[Stored entries]
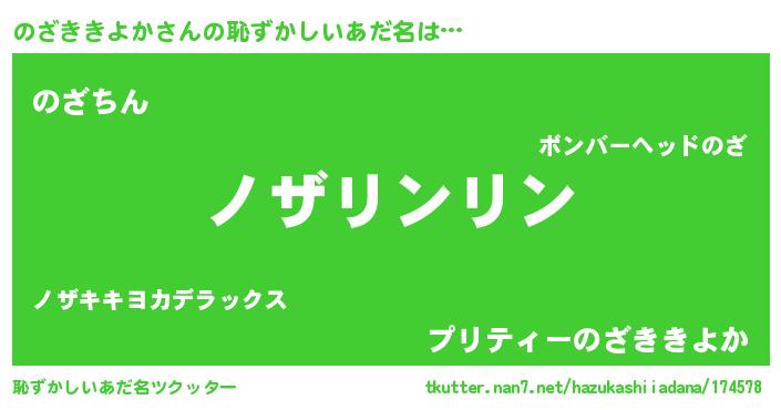 | ヘコむあだ名 | 『のざぷりん』『のざききよか(笑)』 |
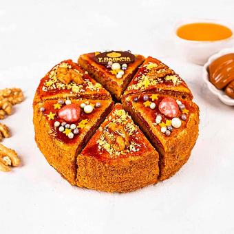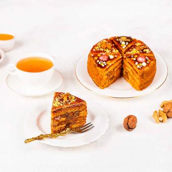 Die Palych Honigbiskuit Fantasie mit Walnuss ist ein wahrer Klassiker unter den Desserts. Diese köstliche Torte vereint luftig-weichen Honigbiskuit mit einer zartcremigen Puddingfüllung auf Basis von gekochter Kondensmilch. Eine Schicht fein gehackter Walnüsse in köstlichem Milchkaramell rundet das Geschmackserlebnis ab und sorgt für eine unvergleichliche Genussmomente. Perfekt für besondere Anlässe oder einfach zum Verwöhnen!Eigenschaften:
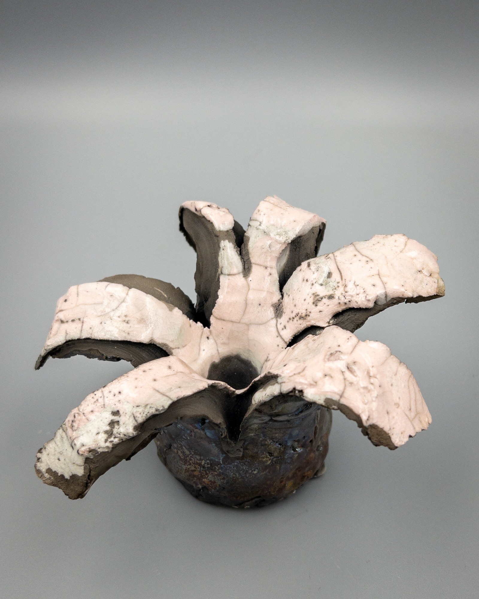 This piece was blown up using fireworks, glazed and then Raku fired.
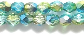 Preciosa Czech Fire 4 mm Faceted Round Polished Glass Bead, 2-Tone Bright Green/Aqua 1/2 Silver, 200-Pack
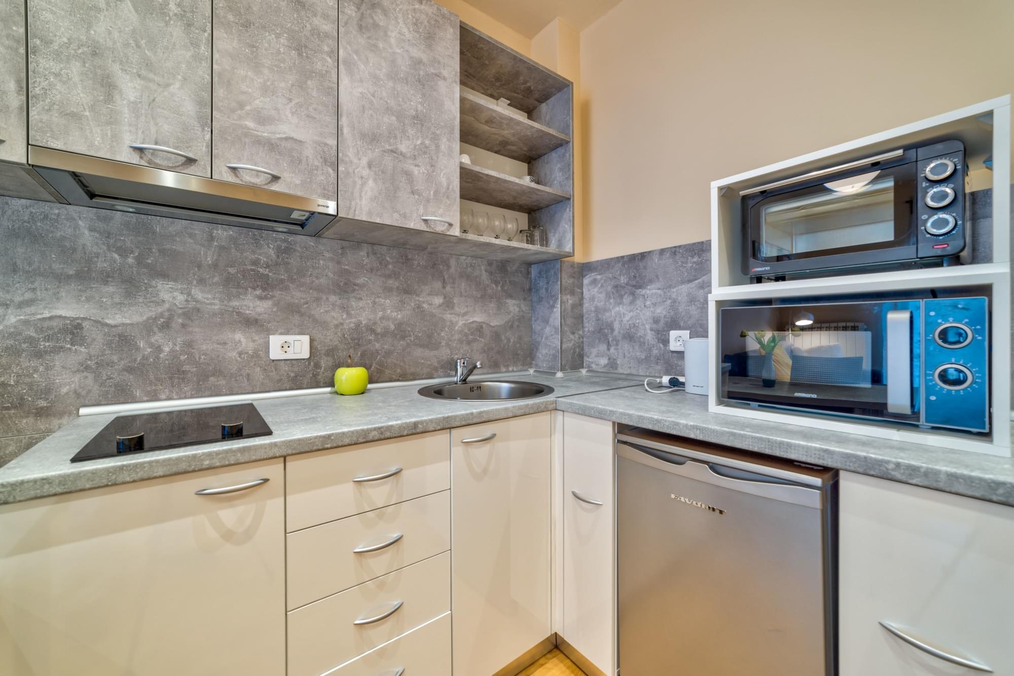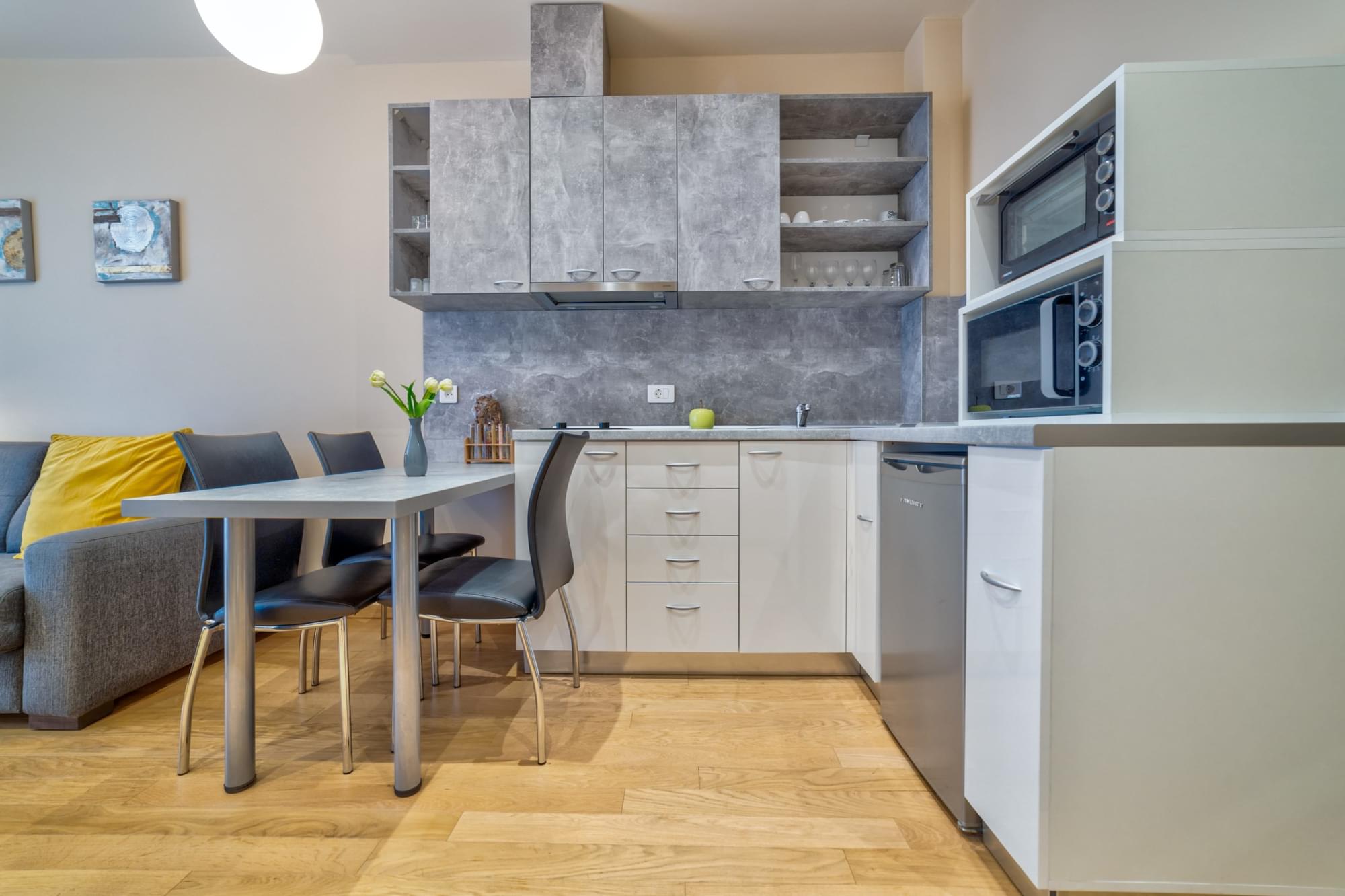 Ovaj apartman ima 1 spavaću sobu, trpezariju, potpuno opremljenu kuhinju i kupatilo.
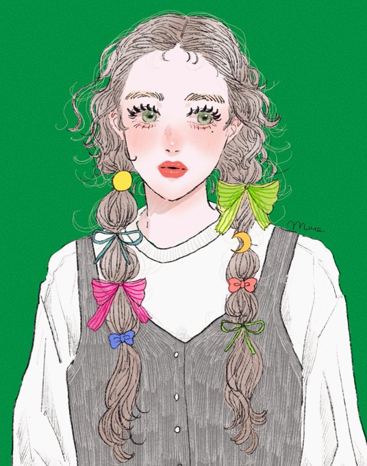 いろいろなリボンと月の ヘアアレンジ🎀🌕🌛 #イラスト

• Work request: Print the data above from its first line through the line that has "Preciosa Czech Fire", exactly and with nothing else, omitting pictures.

• Output:
 | ヘコむあだ名 | 『のざぷりん』『のざききよか(笑)』 |
 Die Palych Honigbiskuit Fantasie mit Walnuss ist ein wahrer Klassiker unter den Desserts. Diese köstliche Torte vereint luftig-weichen Honigbiskuit mit einer zartcremigen Puddingfüllung auf Basis von gekochter Kondensmilch. Eine Schicht fein gehackter Walnüsse in köstlichem Milchkaramell rundet das Geschmackserlebnis ab und sorgt für eine unvergleichliche Genussmomente. Perfekt für besondere Anlässe oder einfach zum Verwöhnen!Eigenschaften:
 This piece was blown up using fireworks, glazed and then Raku fired.
 Preciosa Czech Fire 4 mm Faceted Round Polished Glass Bead, 2-Tone Bright Green/Aqua 1/2 Silver, 200-Pack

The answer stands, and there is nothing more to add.